Menanggapi hal tersebut, Musliadi memberikan klarifikasi tegas pada Kamis (25/6/2026). Ia membantah keras tuduhan merusak hutan lindung.
“Perlu diketahui, kami di sini sama sekali tidak membabat kawasan hutan lindung. Kalau tidak percaya, silakan datang langsung ke lokasi, cek sendiri kebenarannya,” ujar Musliadi.

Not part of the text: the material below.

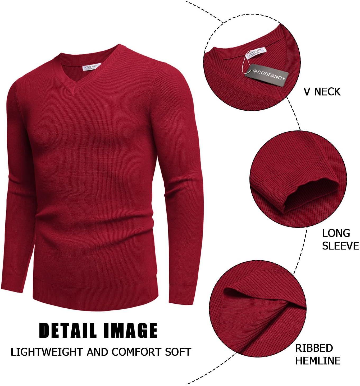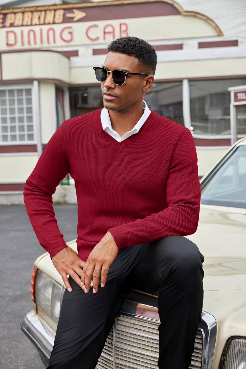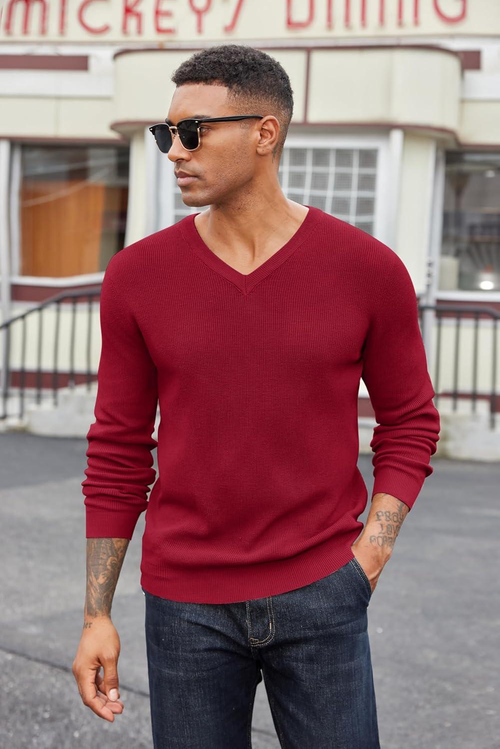 COOFANDY Men V Neck Dress Sweater Knit Long Sleeve Casual Slim Fit Pullover Sweater(Wine Red)

Ia menegaskan lahan yang sedang diolah adalah Hutan Produksi Terbatas (HPL) yang sudah menjadi kebun masyarakat. Penggarapan dilakukan atas dasar kesepakatan bersama warga setempat, bukan sembarangan masuk ke kawasan hutan yang dilindungi undang‑undang.
Pernyataan ini muncul berselang sehari setelah berita pembukaan lahan secara diam‑diam mengemuka. Kini, masyarakat dan pihak berwenang tinggal menunggu hasil pengecekan langsung di lapangan untuk memastikan status tanah dan kebenaran versi yang disampaikan kedua belah pihak.